Dredging

Vinton And West Calcasieu Ports Award $2 Million In Dredging Contracts

Earlier this month, a pair of West Louisiana ports—West Calcasieu Port and the Port of Vinton—announced they have awarded dredging contracts aimed at improving port access and boosting space for barges.

West Calcasieu Port leaders announced February 8 that its board of commissioners had awarded a contract with a base value of $1.3 million to Hammond, La.-based Coastal Dredging Company Inc. in order to dredge the port’s west barge basin.

The project, which will dredge a 20-acre area down to a depth of 12 feet, will be paid for in part by the Louisiana Department of Transportation’s Port Construction and Development Priority Program. The state grant will pay up to 90 percent of the construction costs, with the port paying the balance.

Port leaders said the motivation for dredging the basin is twofold: demand for barge fleeting space and the ability to use the removed material to further develop the port.

“Demand for barge fleeting facilities in Southwest Louisiana has grown over the last several years, and all the regional economic indicators point to a continuing growth in that demand,” said Lynn Hohensee, director of West Calcasieu Port. “For that reason, our port board of commissioners have led the way in securing the necessary state funding support for the dredging of our 20-acre barge basin to assure the highest quality conditions for our tenants’ daily operations.”

West Calcasieu Port is located on the north shore of the Gulf Intracoastal Waterway just west of the Calcasieu Ship Channel below Lake Charles, La. Twelve miles south of Interstate 10, West Calcasieu Port offers 2,500 feet of waterfront property on the Gulf Intracoastal Waterway.

An estimated 138,000 cubic yards will be removed to bring the barge basin’s depth to 12 feet. Hohensee said that material will be pumped to the port’s existing U.S. Army Corps of Engineers-approved disposal area, which covers close to 40 acres.

“Our long-term plan for that area is to use dredge spoils to elevate the dedicated spoils reception site to approximately 20 feet above sea level, at which time it will become a prime business development site,” Hohensee said.

The following week, on February 14, the nearby Port of Vinton announced its board of commissioners had voted to award a base contract of $832,672 to Mandeville, La.-based Magnolia Dredge & Dock LLC to dredge the mouth of the Vinton Navigation Channel.

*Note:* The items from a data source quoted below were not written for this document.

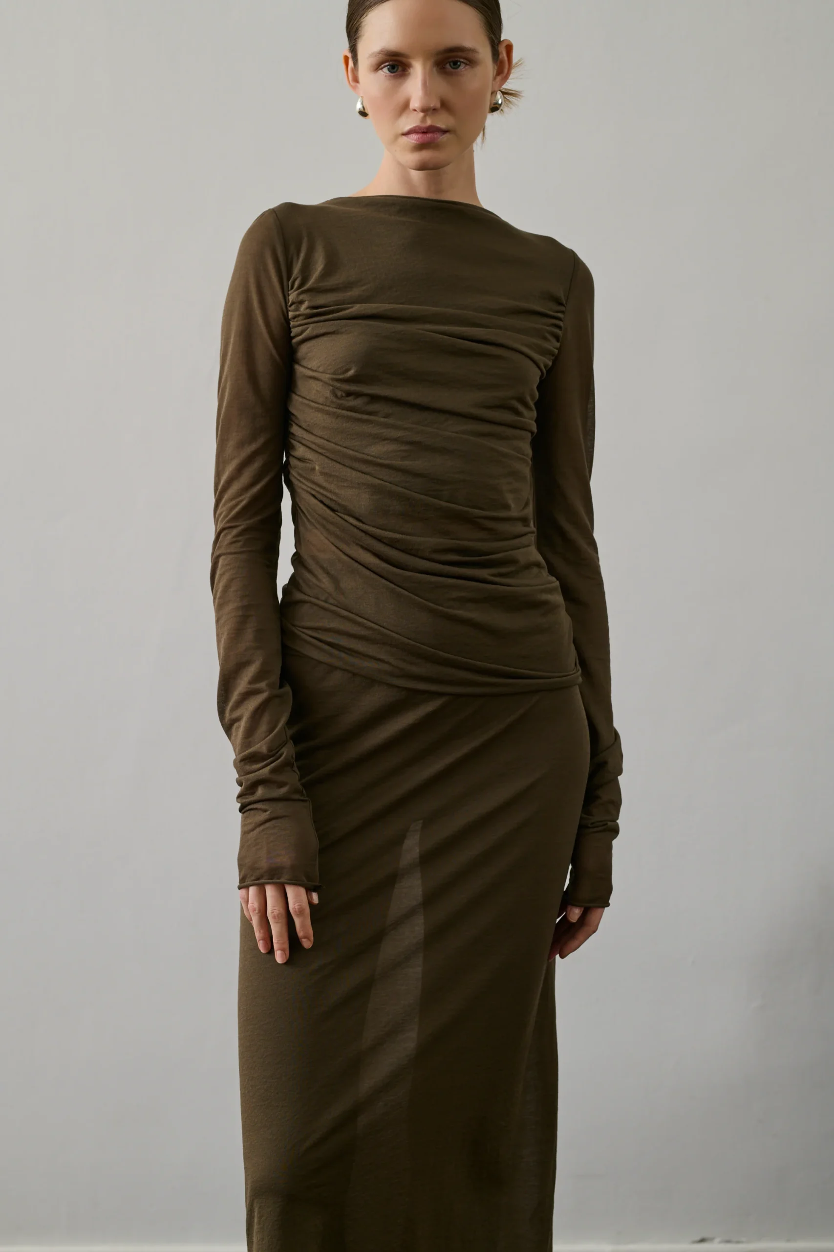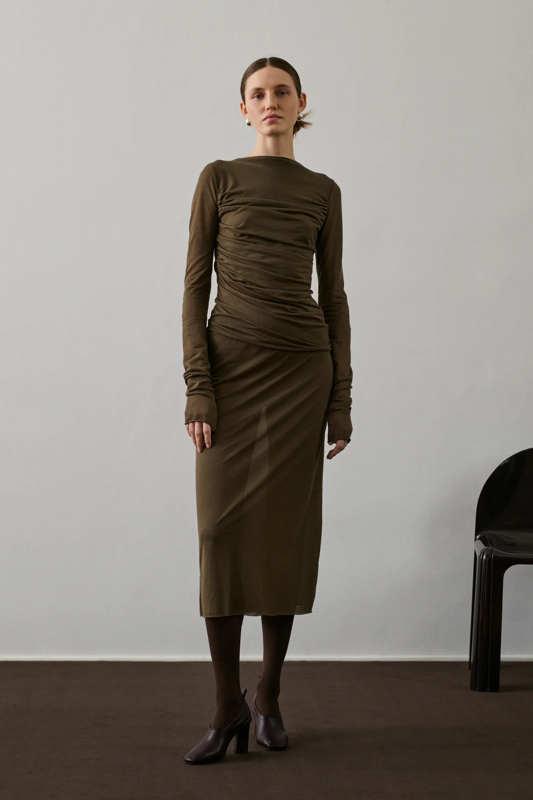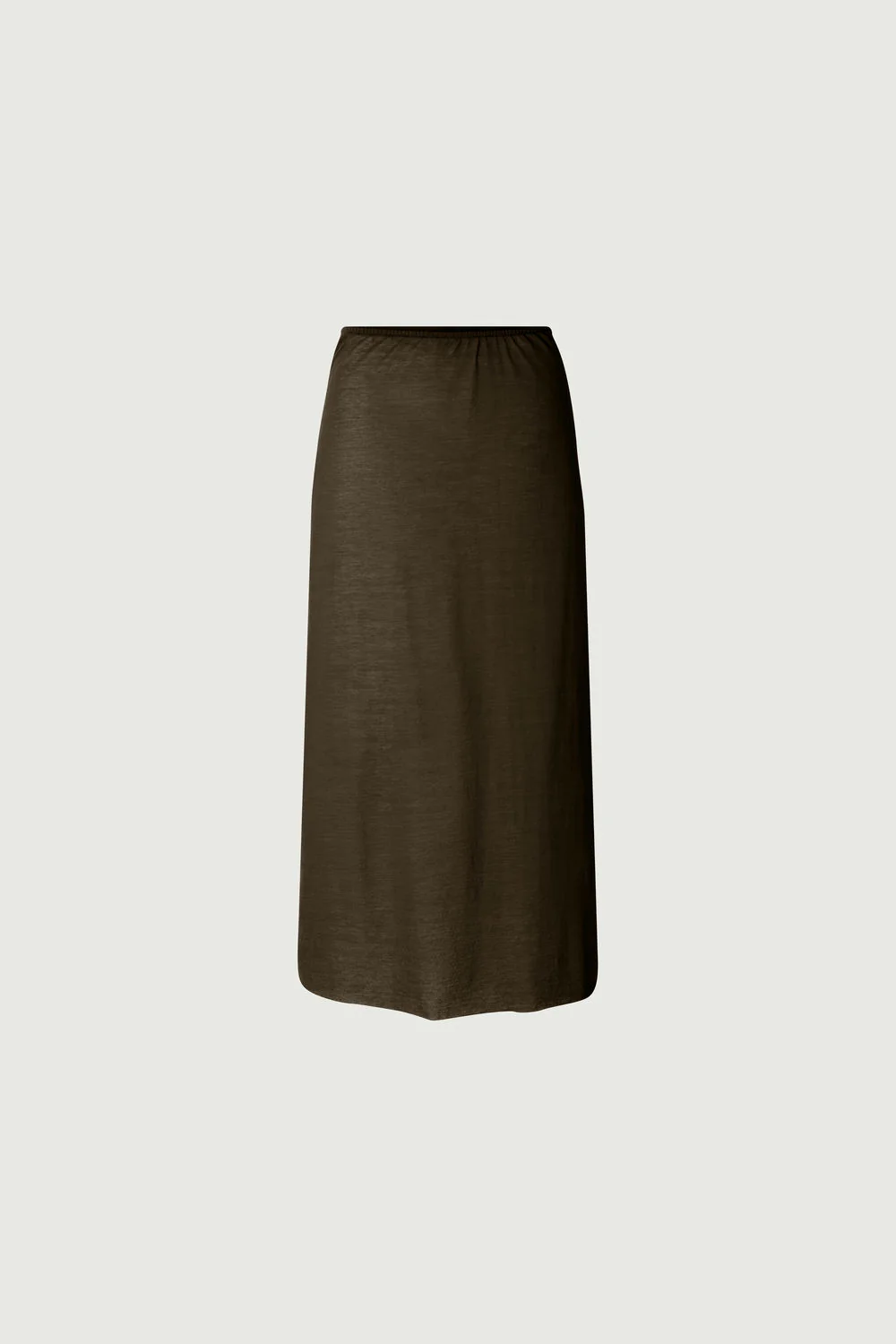 BAHIA est une jupe mi-longue en jersey fluide, à la coupe droite et légèrement évasée. Son jeu de transparence et sa taille élastiquée en font une pièce versatile.
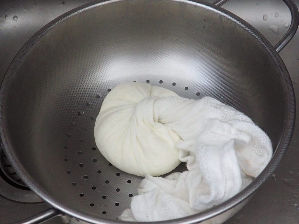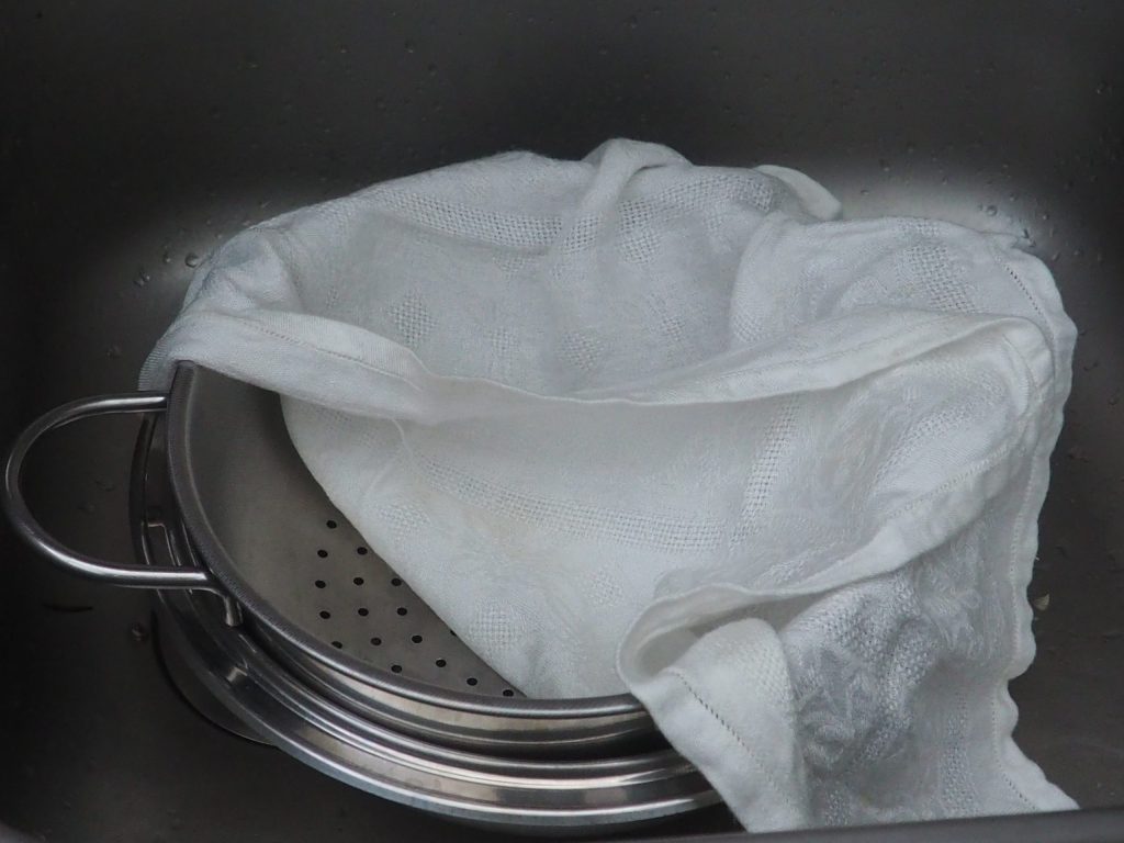 Prepare um escorredor com um pano ou guardanapo de trama não muito fina.
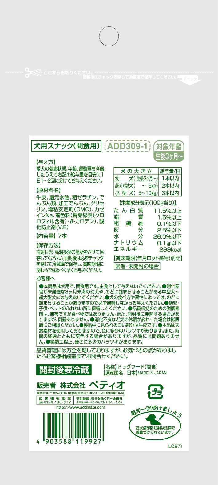 ●ペットフードとしての用途をお守りください。●生後3ヶ月未満の幼犬には与えないでください。●愛犬の食べ方や習性によっては、のどに詰まらせることがありますので必ず観察しながらお与えください。●幼児・子供・ペットのふれない所に保管してください。●品質保持のための脱酸素剤は、無害ですが食べ物ではありません。また、開封後に発熱することがありますが、問題ありません。●消化不良など愛犬の体調が変わったときは獣医師にご相談ください。●表面に白い粉が析出する場合がありますが、原料に含まれる成分(アミノ酸など)で、品質には問題ありません。●製品中に見られる斑点や粒状のものは鶏ササミの筋です。●製造工程上、色・形状・サイズ・硬さなどに多少のバラツキがあります。また、時間の経過とともに変色する場合がありますが、品質には問題ありません。
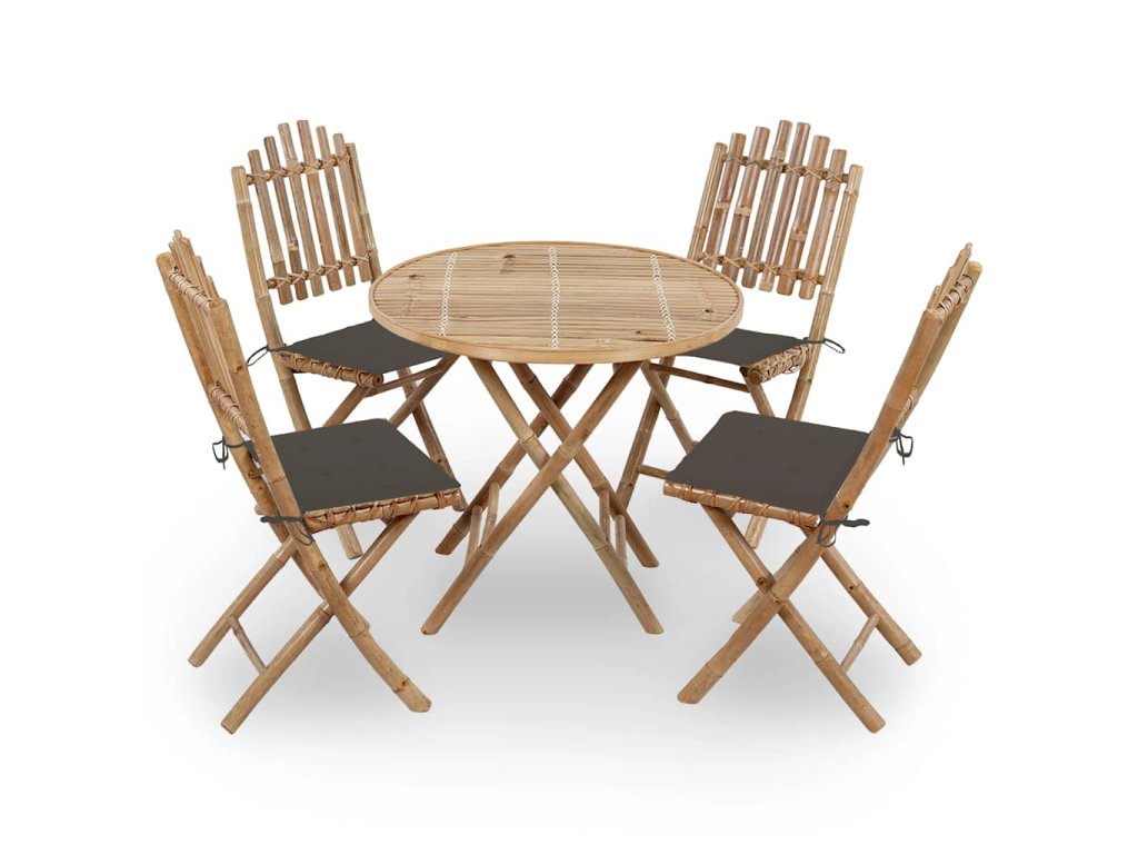Tento bambusový skládací jídelní set s poduškami představuje dokonalou volbu pro slavnostní stolování nebo jen tak pro lenošení.

Hohensee, who is also director of the Port of Vinton, said the project will drastically increase the operational depth of the channel, which extends northward from the Gulf Intracoastal Waterway west of the Calcasieu Ship Channel.

“When completed, the dredging project will deepen the channel from the Gulf Intracoastal Waterway northward approximately 1,945 linear feet,” he said.

In all, the project will deepen the existing mouth of the Vinton Navigation Channel from 6.5 feet in spots to a depth of 10.5 feet. As in the West Calcasieu Port dredging project, material removed as part of the Port of Vinton project will be beneficially used. Hohensee said the sand will be pumped to a nearby privately-owned property where it will enhance an existing marsh habitat.

A portion of the funding for the project will come from an economic development grant awarded by the Calcasieu Parish Police Jury (a type of city council). Because the Vinton Navigation Channel receives runoff from western Calcasieu Parish, about $500,000 of the total project cost will come from tax income connected to a local drainage district.

The Port of Vinton covers more than 800 acres and exists to support private investment and business development at the upper end of the Vinton Navigation Channel.